Тут рефлекс сработал. Кудри сразу на лоб, рубаху до пупа рванул, правая нога согнута в
воздухе пленительно, взгляд исподлобья, глаза полярного волка, руки с растопыренными
пальцами вдоль стены раскинул крыльями, голову чуть набок, рот приоткрыл, немного
цинизма. Разом все приёмы решил использовать.
Слышу: «Сейчас! подождите!» Пошла за фотоаппаратом, видимо. Скрылась в каморке
своей.
Воровато расстегнул джинсы, приспустил. Чтобы проработанные косые мышцы. Забыл
самое главное в горячке сессии! Снова томная бычка на лицо, снова замер.

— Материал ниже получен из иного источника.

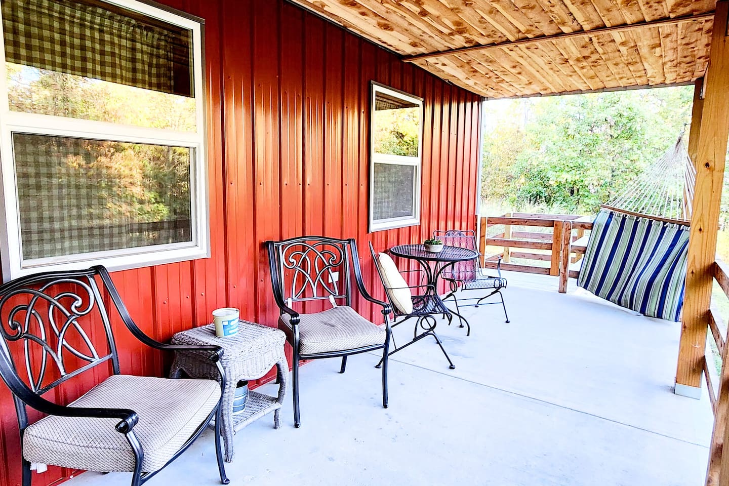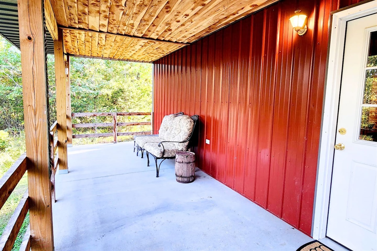 Enjoy your morning coffee or unwind after a day of adventure on this spacious covered porch—perfect for watching wildlife, swapping stories, or savoring the quiet. Plenty of seating invites you to linger longer in the beauty of the woods.

Выходит. Не поворачивая головы, сквозь предполагаемый кокаиновый плен, чуть
хрипловато спрашиваю:
– А вы где это напечатаете?
Всё же я провинциален до ужаса.
Слышу в ответ:
– Батарейка, что ли, села? Сейчас приду!
Есть такой момент в жизни звёзд. «Можно с вами сфотографироваться?» –
«Обязательно!»
И тут начинается совещание у подошедших и поиск в сумке фотоаппарата. Со стороны
полное ощущение, что ты или сам попросил, чтобы тебя сфотографировали, или клянчишь
деньги у сердобольных. Обычно в такие моменты тебя видят все твои знакомые, друзья,
родственники. И понимают, что не ошиблись в тебе, отнеся ранним утром трёхлетнего на
болотистую полянку с кирпичом, затянутым туго в пижамку.
Заходят в подъезд соседи. Видят меня.
– Меня фотографируют… – говорю, из образа решительно не выходя.
Соседи крутят головами, высматривая фотографа. Потом смотрят на меня. На косые
проработанные. Уезжают на лифте. Я стою у стены. Теперь и румянец появился! Опасные
такие пятна на чувственных скулах. Лишь бы свет не ушёл… Тени удачно легли.
Выходит снова бабушка, и таинство меж нами свершилось.
Новые порядки. Каждый жилец теперь будет у консьержей на стенде. Фас. Профиль.
Табличка с номером квартиры в руках. Возможно, будем голые. Одежда скрывает особые
приметы.
Через год в комнате у консьержей будет ФБР периода расцвета. Фото на стендах, линии
соединяющие, пунктиры компрометирующие, приписки сбоку. Фляжки, сбитые на затылки
шляпы, закатанные рукава рубах, кофе, медовый дымок «Лаки страйк».
Под моей фотокарточкой так целая колода фото поменьше будет. Часть зачеркнута
красным, под некоторыми знак вопроса.